本作も子供の頃から何度も見ているが、フォードの西部劇の中では下位に置いていた。しかし、見直してみると、やっぱり傑作、最高じゃないか。
ゑぎ

 何と云っても、物を投げる、蹴飛ばす、ひっぱたく、のオンパレード、特に、蹴っ飛ばす所作の多いこと多いこと。これらは勿論、ジョン・ウェインに多いのだが、彼だけでなく、ほゞ全員、ウィリアム・ホールデンは当然のこと、他の兵士や、ヒロインのコンスタンス・タワーズにまで及び(保安官のラッセル・シンプソンに掛かっていた縄を取って、地面に投げる)、全部で100か所ぐらいはあったのではないかと思われるぐらいだ。

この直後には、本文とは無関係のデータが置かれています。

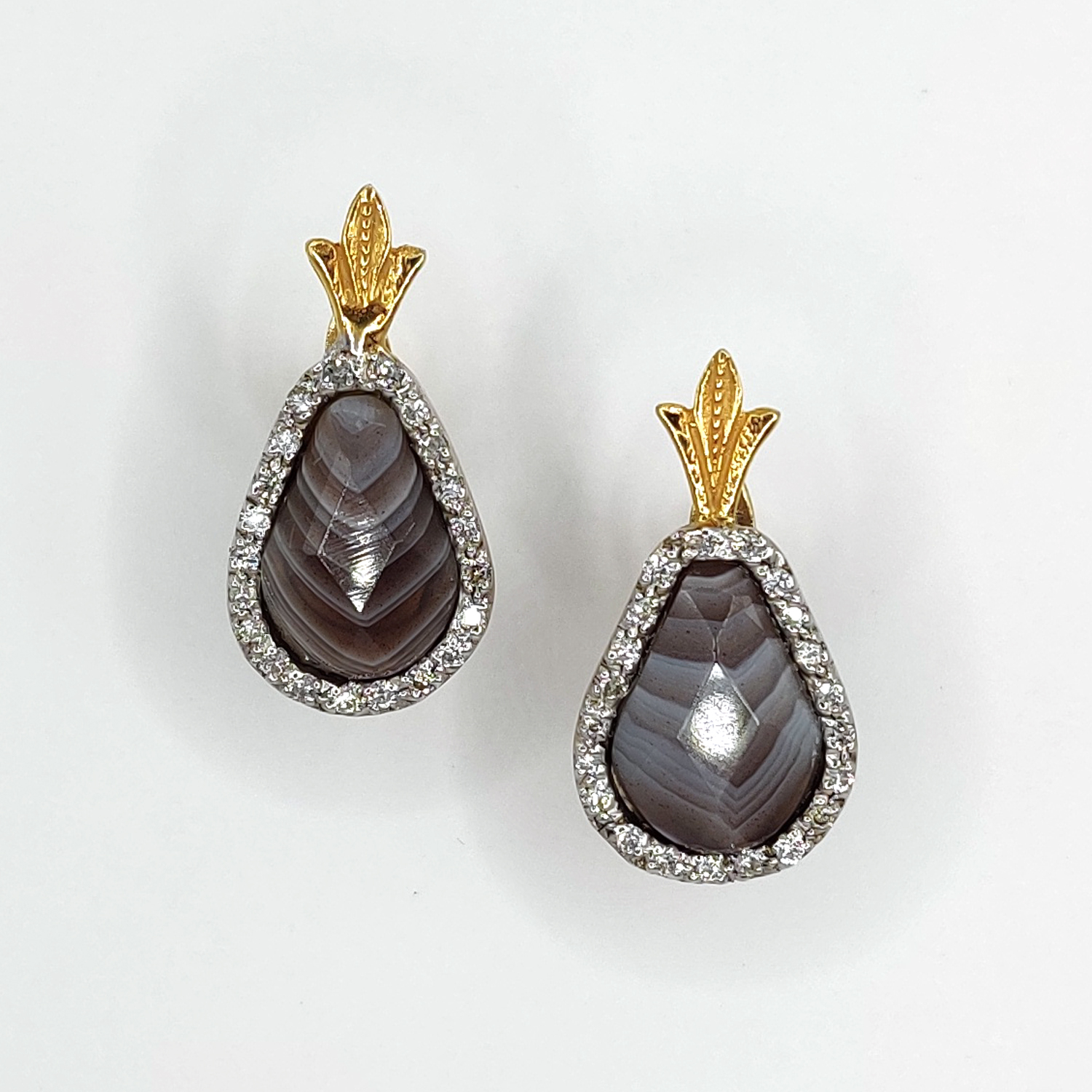 Σκουλαρίκια από Χρυσό K14 και Ασήμι με Αχάτη
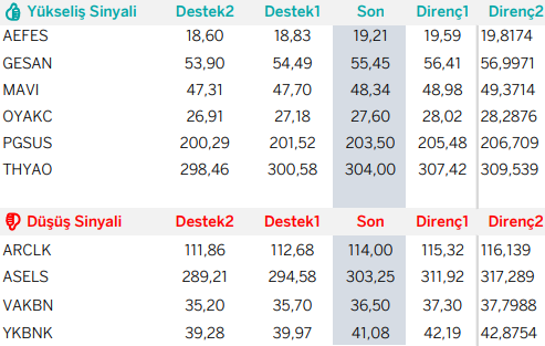 Günlük Bazda Yatırım Fikirleri’nde yer alan hisselerde günlük performans baz alındığından, yatırımcılar ilk aşamada %0.9-%2, ikinci aşamada %3.1-%4 aralıklarını pozisyon kapatma ve/veya kar alma seviyeleri olarak takip edebilirler.
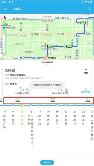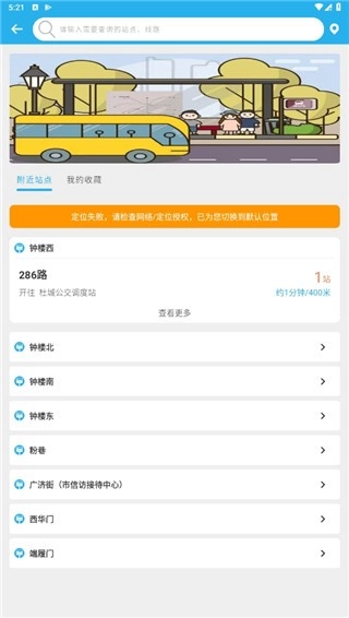 在实时公交功能中,可以看到附近站点的信息
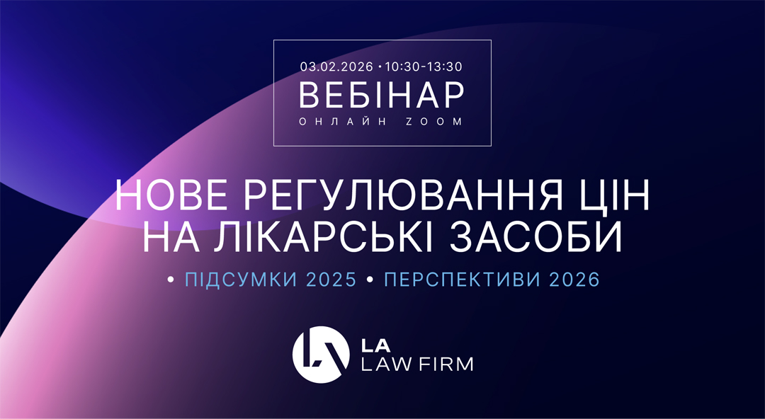 LA Law Firm (Legal Alliance) запрошує колег долучитися до вебінару «Нове регулювання цін на лікарські засоби. Підсумки 2025. Перспективи 2026», присвяченого аналізу актуальних змін у ціновому регулюванні, ключовим викликам та очікуванням у 2026 р.

 南軍の兵站の要衝−ニュートン駅の鉄道設備を破壊し、帰還することが任務。往路復路とも、良いエピソードが目白押しだが、やはり、ニュートン駅近くの、ホテルのバーだろうか、ウェインが鉄道設備の爆破完了の報告を受けるところから始まるシーケンスは特筆すべきだと思った。実はこのシーンの細部も覚えていなかったのだ。伝令が乗馬したまゝ建物に入って来て、完了した旨報告するのだが、ウェインは、報告者を馬上から引きずり下ろし、尻を3回ぐらい蹴りながら、表に放り出すのだ。さらに、同席していた部下の大佐−ウィリス・ボーシェイまで叩き出してしまう。それは、ウェインが鉄道保線員から徴兵されて叩き上げで指揮官にまでなった人だという前提があり、鉄道を破壊することに忸怩たる思いがあるからだ。さらに、バーのカウンターでメチャクチャ飲み続け、看護で疲れ果ててやってきたタワーズとウェインとの会話になる。この会話シーンも、ウェインが、グラスとウィスキーボトルを、カウンター上に積み上げたグラスのピラミッドに勢いよく投げることで終結する。この一連の情動の定着は狂気的なレベルじゃないか。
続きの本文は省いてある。